Study: Shares a tool to attract and retain staff

Employee shares or options are crucial for tech companies to attract and retain skilled staff, according to Deloitte Touche Tohmatsu, which called for a review on the current treatment of such plans.

          Employee shares or options are crucial for tech companies to attract and retain skilled staff, according to Deloitte Touche Tohmatsu, which called for a review on the current treatment of such plans.

          In an attempt to overcome the exodus of local IT professionals to the US or Europe, technology companies are turning to retention strategies such as employee share and option plans, according to a survey of 400 Australian chief executive officers and managing directors in the sector.

          Respondents rated attracting skilled staff ahead of other concerns such as capital raising, increased competition and new product development.

          Joe Galea, Deloitte technology and telecommunications tax partner, said share option strategies are critical to employee motivation.

          Trends suggest that 90% of growing technology companies prefer to offer employees share or option plans, he says.

          For staff, however, Gordon Little, Deutsche Asset Management's IT director, says employee share or options plans although popular, were not as big a driver as bonuses, training opportunities and the chance to use leading-edge technologies.

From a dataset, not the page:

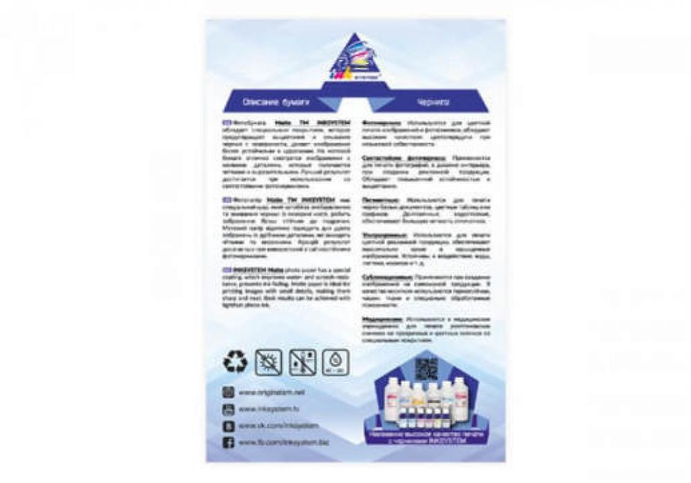 Матовий фотопапір INKSYSTEM 180g, 10x15, 100л. для друку на Epson L1455
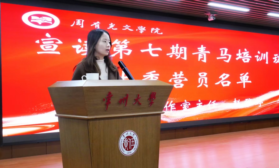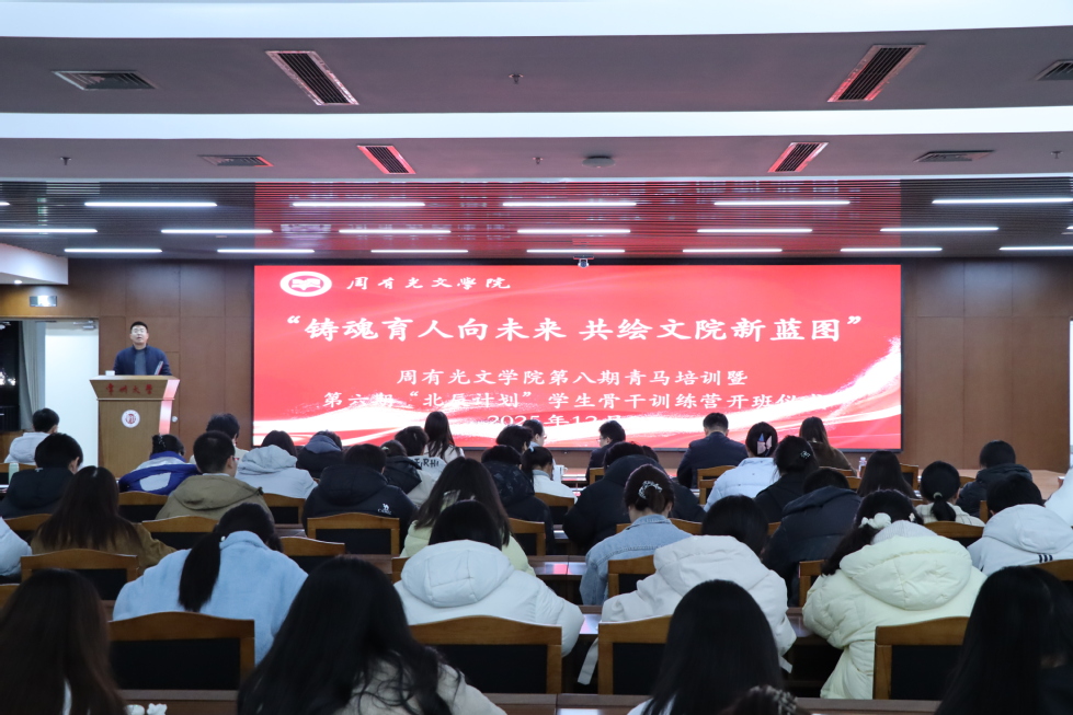 12月8日晚,我院在西太湖校区图文信息楼四楼白云报告厅成功举行“铸魂育人向未来,共绘文院新蓝图”——第八期青马培训暨第六期“北辰计划”学生骨干训练营开班仪式。校党委组织部副部长陈启迪,校团委组织宣传部部长宗佳瑛,院党委副书记嵇炜,院学工办主任张燕红,院电影工作室主任赵雅婷出席本次活动,我院全体新生及团学骨干参加活动。仪式由院团委副书记程向君主持。

          Bruce Lakin, CEO of software and portal developer Prophecy International, says employee share options do play an increasingly significant role in attracting new staff, but what was more fundamental was a competitive salary and stimulating work.

          "(Share option plans) play a role, but not as much in Australian companies as in international or US companies," he says.

          However, Galea believes options plans are vital to the local tech industry to reduce the 'brain drain' and to attract talent.

          "The survey findings reinforce the need to amend the current tax treatment of employee share and option plans," Galea says.

          "At the moment there is limited scope for employees to use the 50% capital gains tax concessions introduced from September 1999, which can come as a shock when employees cash out share gains."